Top 5 pathways to personalized medicine
If there’s one thing everyone in healthcare can probably agree on right now, it’s that there is an awful lot of data being generated each and every day. What to do with that data, however, is another question.
As Ted Driscoll, digital health director at venture capital firm Claremont Creek Ventures, sees it, the explosion of data is a definite boon for personalized medicine. Indeed, he said recently, “Medicine is becoming synonymous with big data – the data sets are just huge, now – but we had to wait for the IT revolution to happen and mature” in order to begin to put that data to use.
So how does he see big data facilitating the rise of personalized medicine?
- We’re able to make better and more specific diagnoses. “Tumors aren’t just lumps, anymore,” he said. “they’re a specific type of cancer.” That is, no longer are providers relegated to diagnosing cancers in general terms. Given the ability to determine what’s actually going on at a molecular level, Driscoll said, diagnoses can be much more precise.
- We’re able to prescribe better targeted therapies. With better diagnoses come better treatments. “Now that we understand the recipe for life,” Driscoll said, “we can develop more precise rifle shots to address disease. We can determine which drug will work with each individual patient, and we don’t have to settle for trial and error medications.”
- We can make better early predictions and determine predispositions. A big part of an individual’s health data, Driscoll suggested, involves “understanding what you’re starting out life with.” That is, genetic data, which can be collected even prior to birth via non-invasive pre-natal testing, can be used to determine what diseases a person may be more susceptible to over the course of his or her life. Which, of course, leads to the potential to offer pre-emptive treatment so the disease never develops.

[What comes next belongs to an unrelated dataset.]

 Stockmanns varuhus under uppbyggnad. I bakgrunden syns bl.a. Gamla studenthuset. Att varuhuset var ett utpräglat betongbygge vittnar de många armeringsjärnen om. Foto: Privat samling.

- We can expect better development of generalized therapies. “We’re not going to end up with individualized headache pills,” Driscoll cautioned, “but we will be able to develop better drugs for a broad class of people” by looking at actual genetics that form the foundation of predispositions. Moreover, citing the example of an anti-epileptic drug that has been found to work in treating colitis, Driscoll said mining data to understand the particular structure of each disease will lead to greater understanding of where diseases overlap, which will lead in turn to the more precise use of a broader range of medications.

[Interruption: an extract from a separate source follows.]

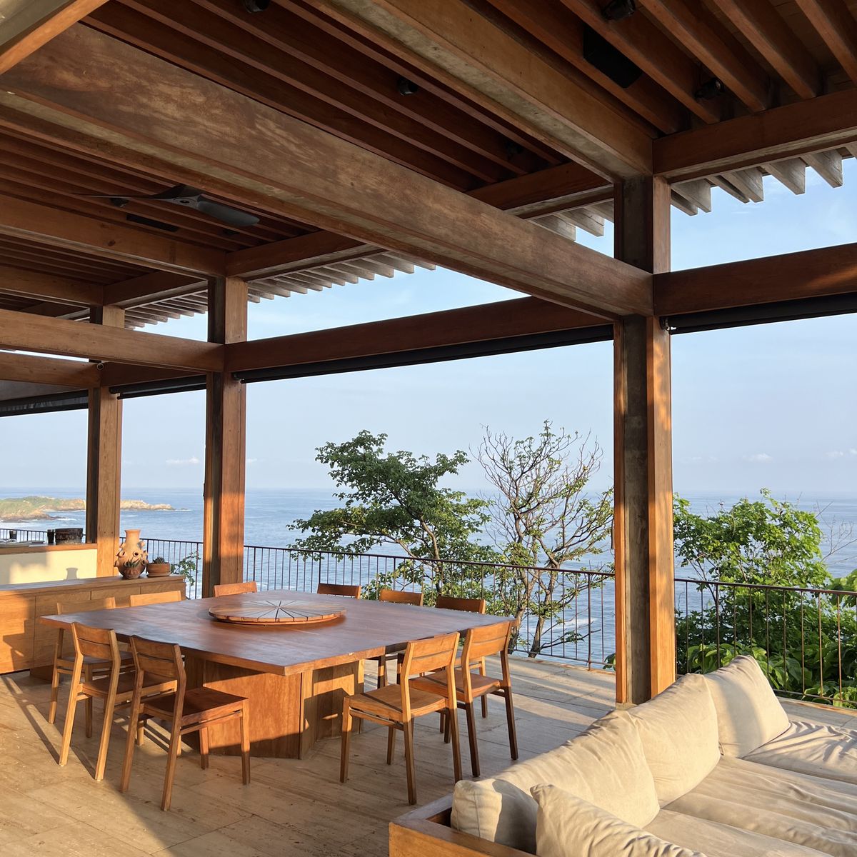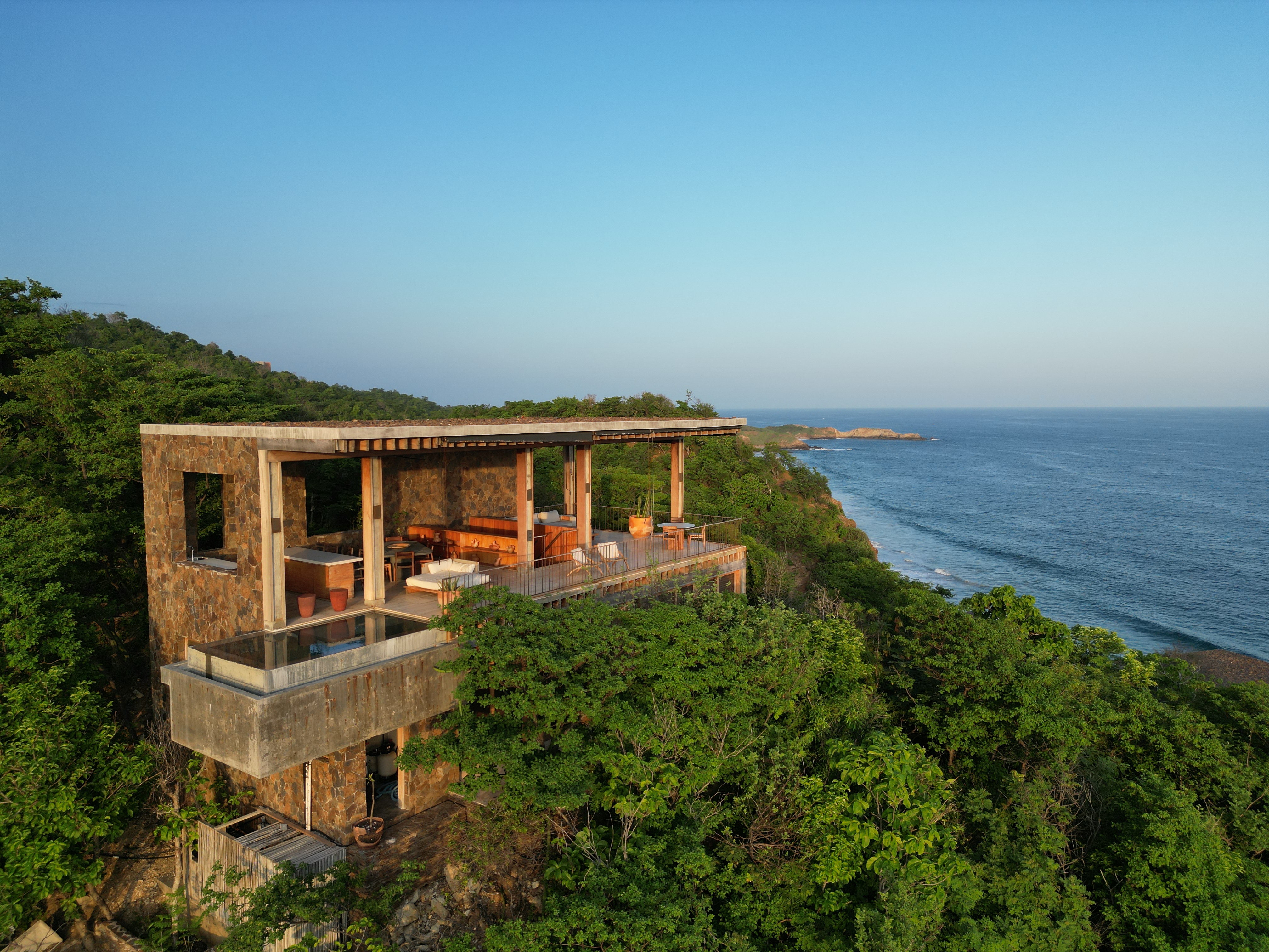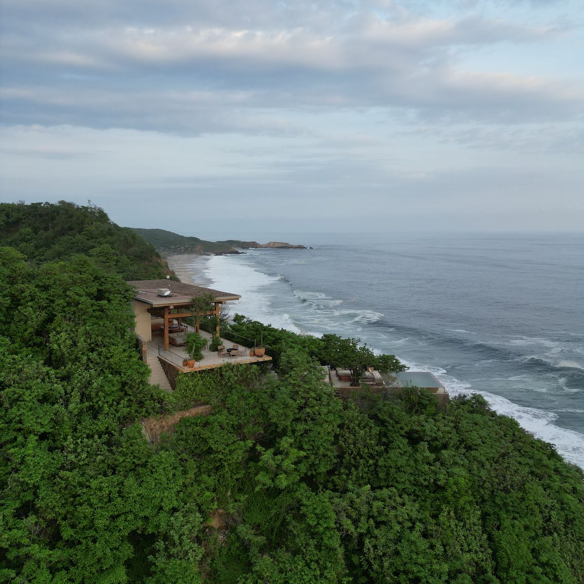 Located on a cliff overlooking Oaxaca's Pacific Ocean coast, this stunning villa offers a luxurious escape approximately 40 miles from both Hualtuco and Puerto Escondido. This eco-sustainable villa offers 11,840 square feet of multi-level living space on a 15-acre property.

- We can engineer genetics. The future, Driscoll said, will involve not just reading and understanding genetic structures, but actually modifying them. Of course, he noted, every disease is different. “There are certain diseases that you can identify with just a genetic snip you can tell, while other diseases are determined by thousand of genes. The fact is, we’ve only begun to read the recipes.” That said, Driscoll said mining ever deeper into the mountains of data that will continue to pile up will facilitate inevitably result in medical assessment and treatment tailored to the circumstances and needs of individuals.
To be sure, Driscoll said, the road ahead will have no shortage of legal and ethical challenges as genetic information becomes more readily available, but “In the end, doctors want to know as much as possible to deliver the best treatment they can.”
And since, as he put it, “The amount of data involved in delivering healthcare is exploding,” there appear to be few limits to what doctors will be able to know.